Generally, those with greater social and emotional understanding and skills do far better in every major aspect of life than those who struggle. Compared to those who struggle, they’re happier, healthier, and more productive. Usually, they enjoy and keep their friends and tend to avoid the life-threatening dangers of loneliness.

Unfortunately, difficulties with the social-emotional aspects of life severely wound many struggling readers (SRs).

Many feel ridiculed and rejected by their peers — because they are. Many feel dreadfully lonely — because they are. And many shrink from or show active disinterest, resistance, or hostility toward academic activities to avoid the pain, humiliation, and bewilderment they feel when stumbling over words and answers that so many of their peers’ glide through effortlessly.

As Jules Abrams, a well-respected psychologist who specialized in reading disorders, made clear:

“It is almost inevitable that a child who is experiencing severe difficulty in reading will develop intense feelings of frustration. As reading failure continues, many symptoms of social and emotional maladjustment will appear.

Children, increasingly bewildered by their inability to meet the expectations of their parents, their teachers and their peers develop a hypersensitivity to the possibility of failure.
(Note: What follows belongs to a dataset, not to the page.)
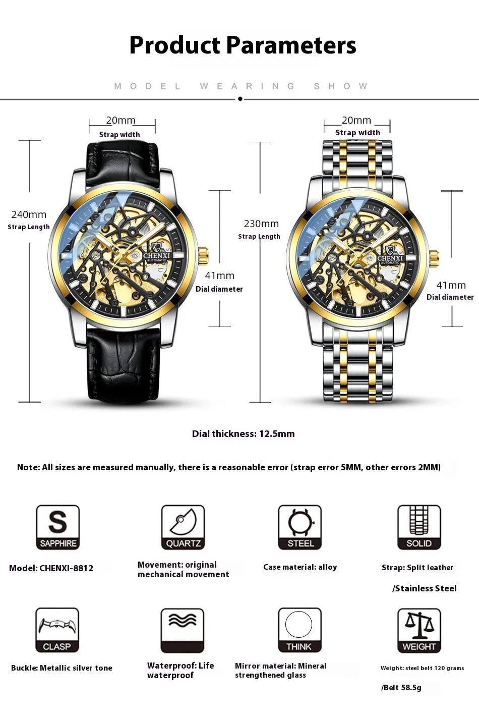 Color: white shell blue white steel belt, white shell green white steel belt, black shell black surface black belt, gold shell gold surface

This fear of further wounds to their pride exacerbates the problem simply because children cannot risk any further humiliation. Instead, all too often, children act out aggressively, withdraw, become depressed or choose any one of many other maladaptive solutions.”

How does this start? Is it genetic, experiential, or both? My guess, both.

Clinically, however, we should stop searching for the original causes, especially if they’re immutable. Instead, we need to focus on active causes critical to accelerating SRs’ reading and writing success as well as their social and emotional competence.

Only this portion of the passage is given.